Striped Dress_Friendship Lesson Photo

PRIORITIZE THOSE THAT PRIORITIZE YOU

Between careers, spouses, children and other extracurricular activities, life is busy.   There are many things competing for our time, and it is not enough to just say our relationships are important.  It takes more than good intentions for a friendship to develop and it all comes down to priorities.  

I have had friends and family members who have claimed to miss me yet are always too busy to spend time with me.  Always saying something like let’s get together soon but never actually following up.  Granted, I know there will be times when life happens, and I won’t be my friend or even my family’s priority.  But you know what? That is completely okay.  While not all of us can drop everything to reply immediately to a text or attend every scheduled get together, someone who cares will want to see you and put equal effort in the relationship.

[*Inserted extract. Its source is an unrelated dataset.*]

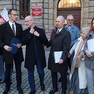 Podczas konferencji zwołanej w legnickim ratuszu głos zabrali przedstawiciele Ordo Iuris oraz radni Prawa i Sprawiedliwości. Jak podkreślali, decyzja prezydenta o usunięciu krzyża z sali sesyjnej była ich zdaniem „karygodna” i uderza w fundamenty wspólnoty samorządowej.

One of my good friends and I rarely get to see each other.  We are hundreds of miles apart and we go months without being able to connect face-to-face but despite the distance, we remain close.  We are both committed to the friendship and we both put in the energy and time to keep the relationship alive.  Even though, the bulk of conversations occur via text or email, I feel more connected to her than some of my friends who live a lot closer.  

The truth is, everyone is busy, and we all have limited amount of time to invest in relationships.  You can’t give your time or energy to everybody you meet but when you do find that person that is willing to show up for you, make sure that you also invest in them.

Striped Dress_Friendship Photo

FINAL THOUGHTS:

There are plenty of obstacles that make it difficult to maintain a friendship and a circumstance like distance doesn’t have to signal the end.  However, it’s important to remember that a friendship is a two-way street and it requires a certain degree of work.  It takes up your time, and even resources but it should never feel like an obligation.  So, if certain relationships in your life are contributing to your unhappiness, it may be worth taking the time to reevaluate and reflect on what the person is providing in your life. 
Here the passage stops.